## YOUR ASSIGNMENT
Exclude images; transcribe the rest of the data exactly.

## DATASET RECORDS
>>>

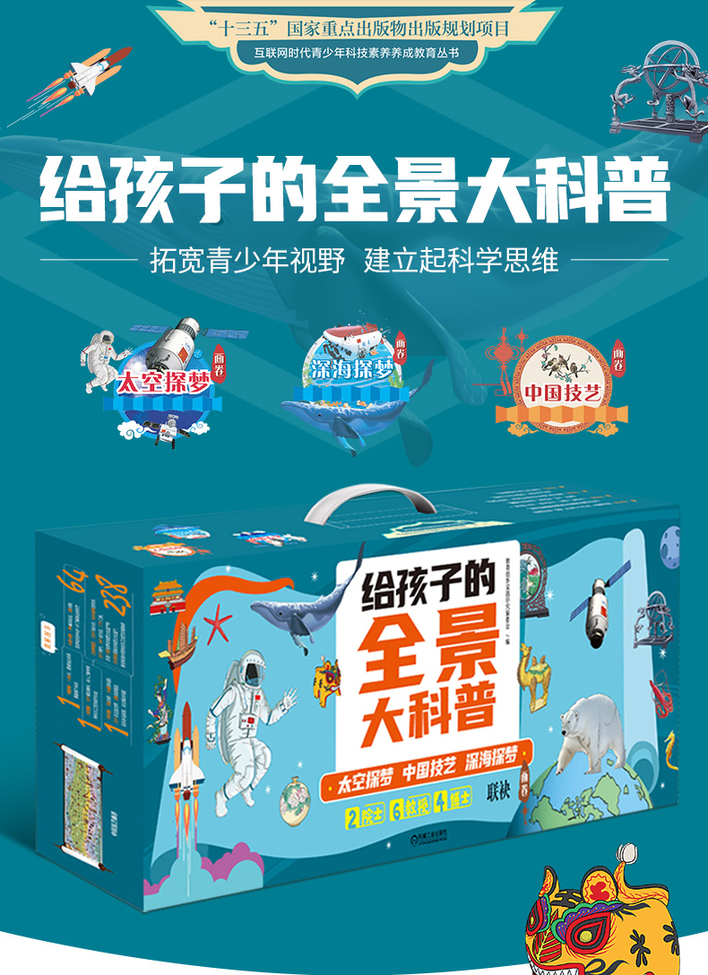 书名:互联网时代青少年科技素养养成教育丛书*1期(共3册,中国技艺画卷+深海探梦画卷+ 太空探梦画卷)
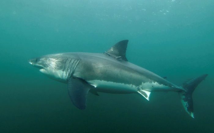 On peut apercevoir les balises apposées à la base de la nageoire dorsale du requin (photo: Groupes de recherche du MPO sur les phoques et les requins du Québec et des Maritimes)
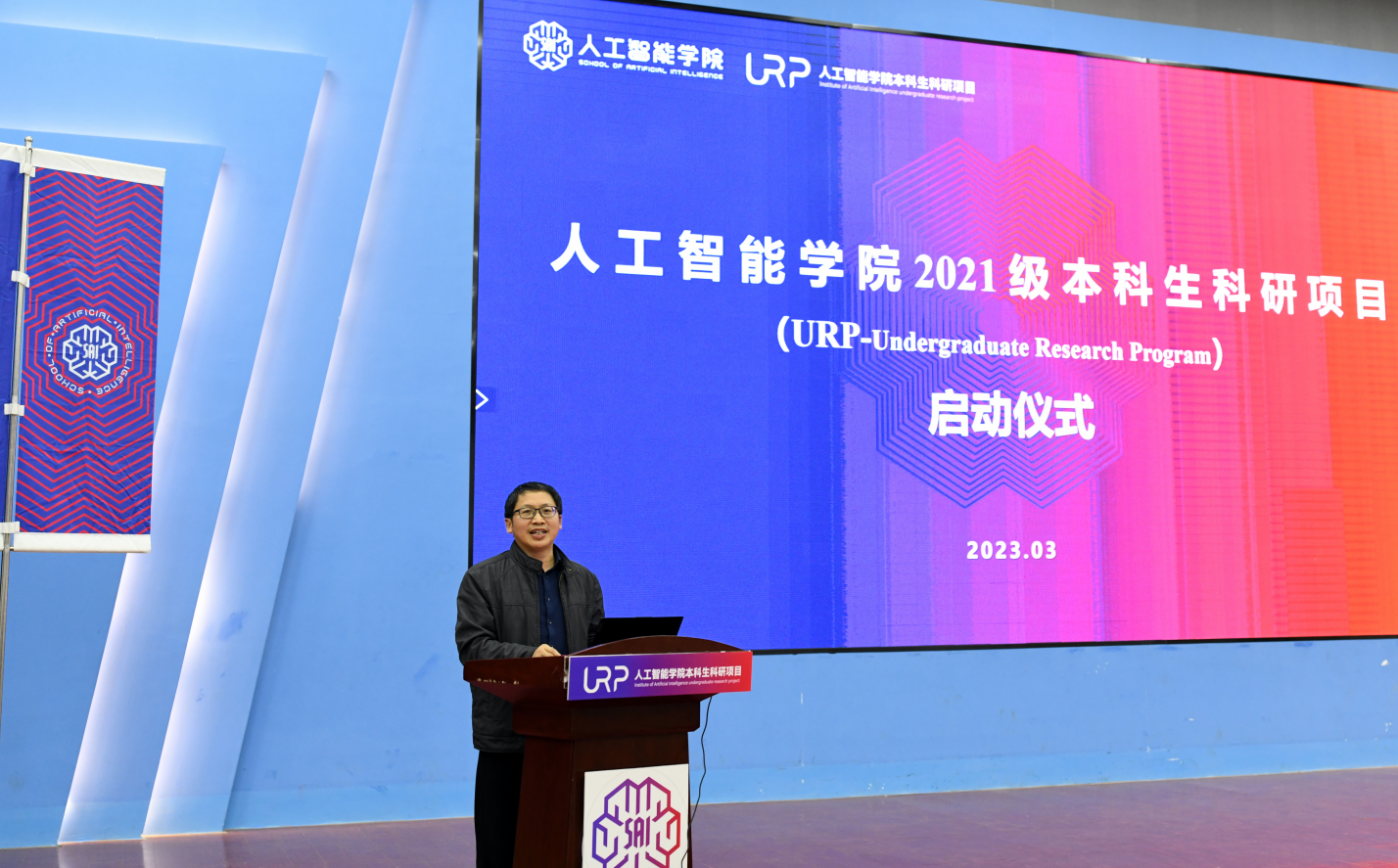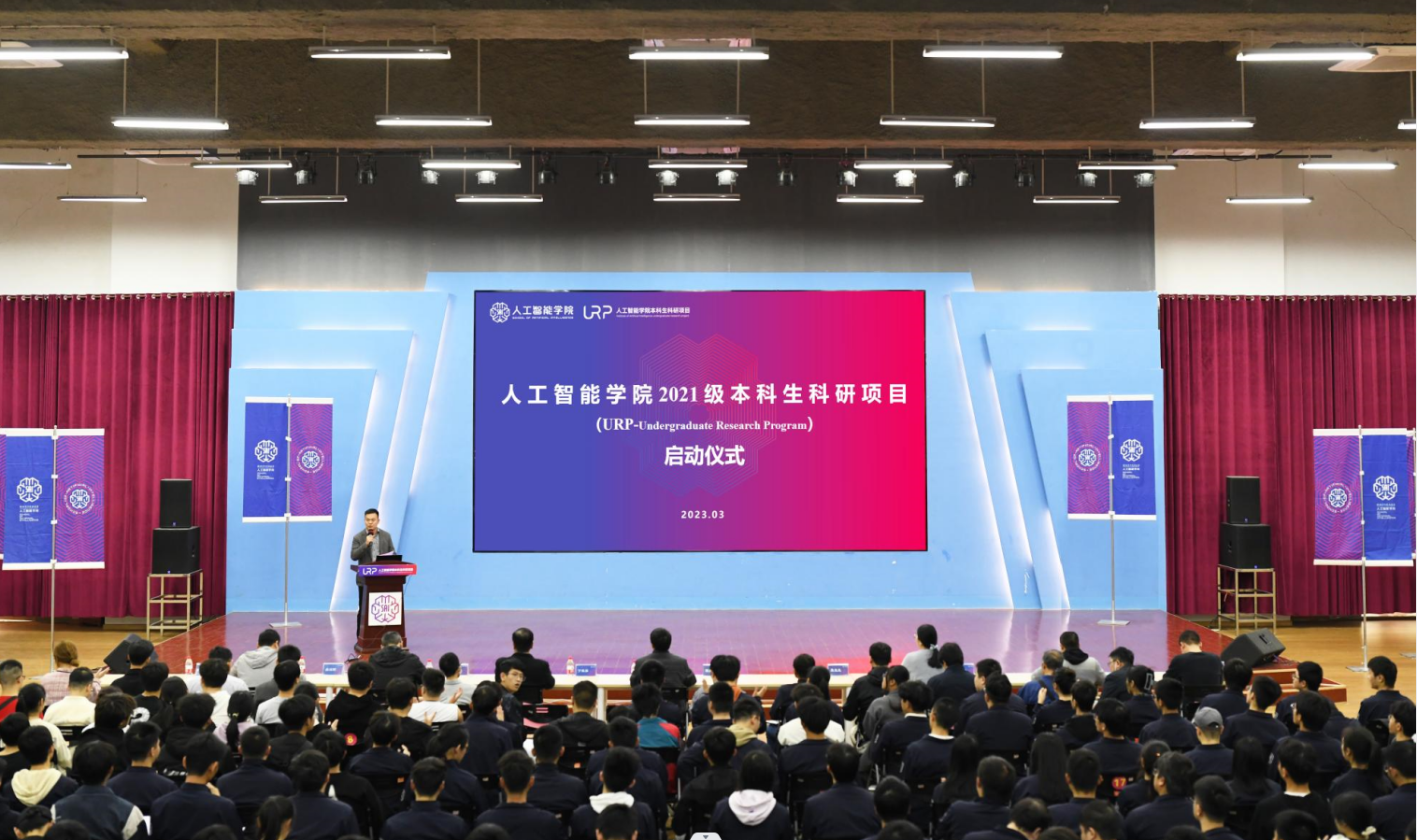 3月10日下午,人工智能学院在大学生活动中心演艺厅举行2021级“本科生科研项目(URP—Undergraduate Research Program)”计划启动仪式。学院院长陈光喜、创新学院院长丁数学、党委副书记莫尧尧、副院长刘振丙、中国电子科技集团公司第三十四研究所集团公司专家钟伟、广西华云大数据有限公司副总经理翟勇、广西优视智能科技有限公司研发总监吴汉明、桂林海威科技股份有限公司大数据开发工程师唐江华以及院内外各指导老师、全体辅导员、全体2021级、2022级本科生参与本次活动。
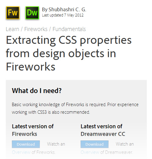 - “Extracting CSS Properties From Design Objects in Fireworks,” Shubhashri C. G., Adobe Fireworks Tutorials
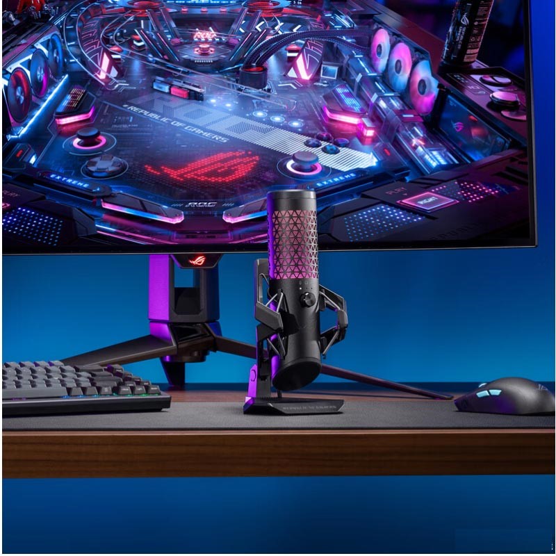 ROG卡尼克斯专业麦克风 桌面麦克风直播设备唱歌专用麦克风全民k歌神器专业主播高通滤波降噪RGB黑色
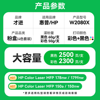 才进适用惠普HP118a硒鼓带芯片彩色178nw 179fnw粉盒150a 150nw m178nw打印机墨盒W2080A碳粉Color Laser MFP
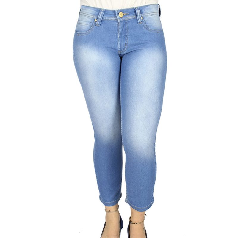 CALÇA JEANS FEMININA MODELO CROPPED COM CINTURA MÉDIA ALTA
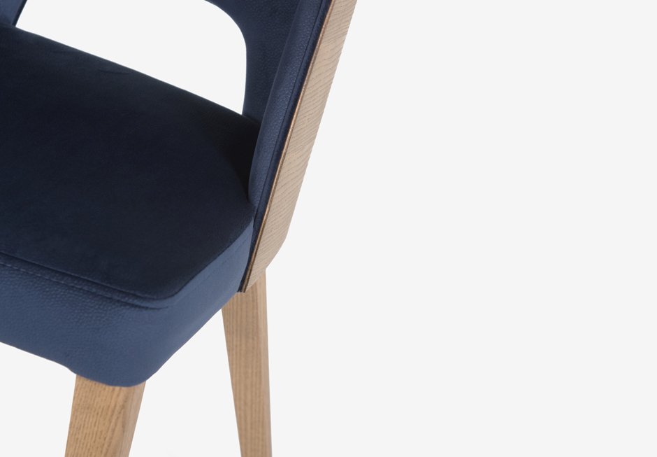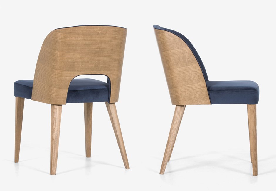Chair with dressed seat and solid wood frame. Available in a variety of wood and fabric shades. Its general dimensions are: 53x60x82h cm.
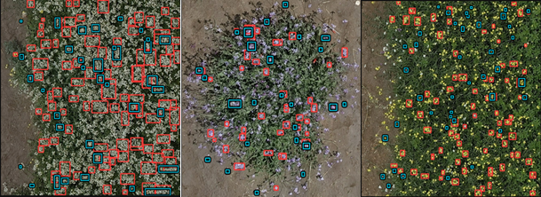La puesta a punto de un sistema para el monitoreo de márgenes florales, que sea eficiente en términos de tiempo y coste, se beneficiaría del empleo de herramientas como la teledetección combinada con métodos operativos basados en inteligencia artificial, capaces de detectar y cuantificar los recursos florales (Gallmann et al., 2022). La detección remota de flores en márgenes con alta diversidad floral supone un gran desafío, debido al pequeño tamaño de sus estructuras, la superposición de flores, la posibilidad de que estén parcialmente ocultas o incluso en movimiento debido al viento durante la captura de imágenes (Gallmann et al., 2022). En la revisión de Gonzales et al. (2022) se presentan las limitaciones y capacidades de la teledetección para llevar a cabo esta tarea y ya existen trabajos que emplean imágenes tomadas con dron en los cuales se detectan flores de distintas especies (Chen et al., 2019; Gallmann et al., 2022).
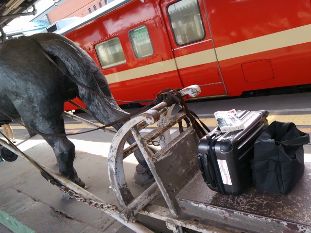 去年、向かいのホームから見た馬の銅像。
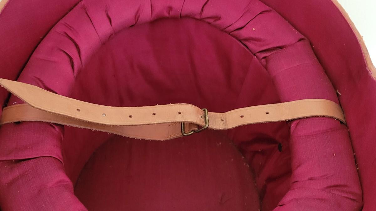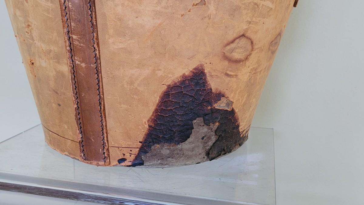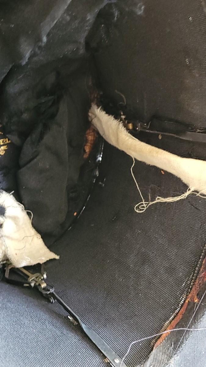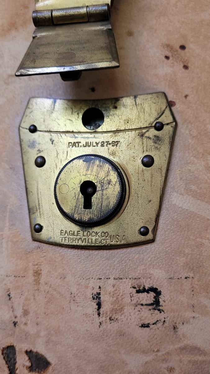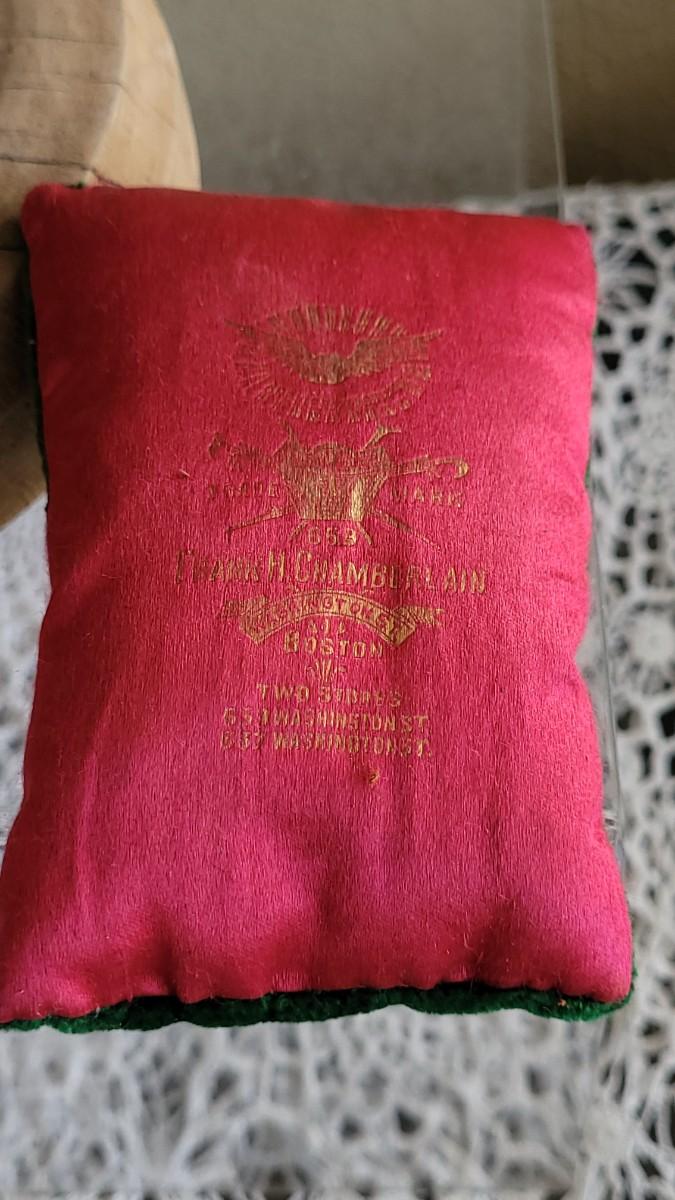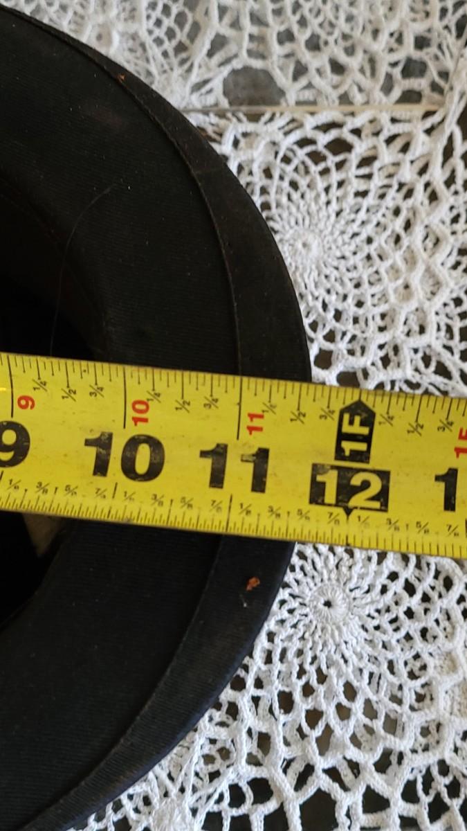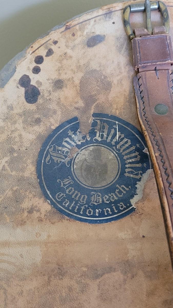 Box has straps that have broken but the straps are still present with the box. The top hat, box and small Cushion all have the Original Frank H. CHAMBERLAIN Label which is amazing that all 3 pieces have stayed together for so long! The leather box has some what appears to be heat/fire damage to one bottom side. The top hat is a Collapsible Opera Hat. The interior of the hat has fallen down but not ripped out, the material is still attached at the top and can be repaired. Impressive set!

<<<

## COMPLETED TASK
 书名:互联网时代青少年科技素养养成教育丛书*1期(共3册,中国技艺画卷+深海探梦画卷+ 太空探梦画卷)
 On peut apercevoir les balises apposées à la base de la nageoire dorsale du requin (photo: Groupes de recherche du MPO sur les phoques et les requins du Québec et des Maritimes)
 3月10日下午,人工智能学院在大学生活动中心演艺厅举行2021级“本科生科研项目(URP—Undergraduate Research Program)”计划启动仪式。学院院长陈光喜、创新学院院长丁数学、党委副书记莫尧尧、副院长刘振丙、中国电子科技集团公司第三十四研究所集团公司专家钟伟、广西华云大数据有限公司副总经理翟勇、广西优视智能科技有限公司研发总监吴汉明、桂林海威科技股份有限公司大数据开发工程师唐江华以及院内外各指导老师、全体辅导员、全体2021级、2022级本科生参与本次活动。
 - “Extracting CSS Properties From Design Objects in Fireworks,” Shubhashri C. G., Adobe Fireworks Tutorials
 ROG卡尼克斯专业麦克风 桌面麦克风直播设备唱歌专用麦克风全民k歌神器专业主播高通滤波降噪RGB黑色
 才进适用惠普HP118a硒鼓带芯片彩色178nw 179fnw粉盒150a 150nw m178nw打印机墨盒W2080A碳粉Color Laser MFP
 CALÇA JEANS FEMININA MODELO CROPPED COM CINTURA MÉDIA ALTA
Chair with dressed seat and solid wood frame. Available in a variety of wood and fabric shades. Its general dimensions are: 53x60x82h cm.
La puesta a punto de un sistema para el monitoreo de márgenes florales, que sea eficiente en términos de tiempo y coste, se beneficiaría del empleo de herramientas como la teledetección combinada con métodos operativos basados en inteligencia artificial, capaces de detectar y cuantificar los recursos florales (Gallmann et al., 2022). La detección remota de flores en márgenes con alta diversidad floral supone un gran desafío, debido al pequeño tamaño de sus estructuras, la superposición de flores, la posibilidad de que estén parcialmente ocultas o incluso en movimiento debido al viento durante la captura de imágenes (Gallmann et al., 2022). En la revisión de Gonzales et al. (2022) se presentan las limitaciones y capacidades de la teledetección para llevar a cabo esta tarea y ya existen trabajos que emplean imágenes tomadas con dron en los cuales se detectan flores de distintas especies (Chen et al., 2019; Gallmann et al., 2022).
 去年、向かいのホームから見た馬の銅像。
 Box has straps that have broken but the straps are still present with the box. The top hat, box and small Cushion all have the Original Frank H. CHAMBERLAIN Label which is amazing that all 3 pieces have stayed together for so long! The leather box has some what appears to be heat/fire damage to one bottom side. The top hat is a Collapsible Opera Hat. The interior of the hat has fallen down but not ripped out, the material is still attached at the top and can be repaired. Impressive set!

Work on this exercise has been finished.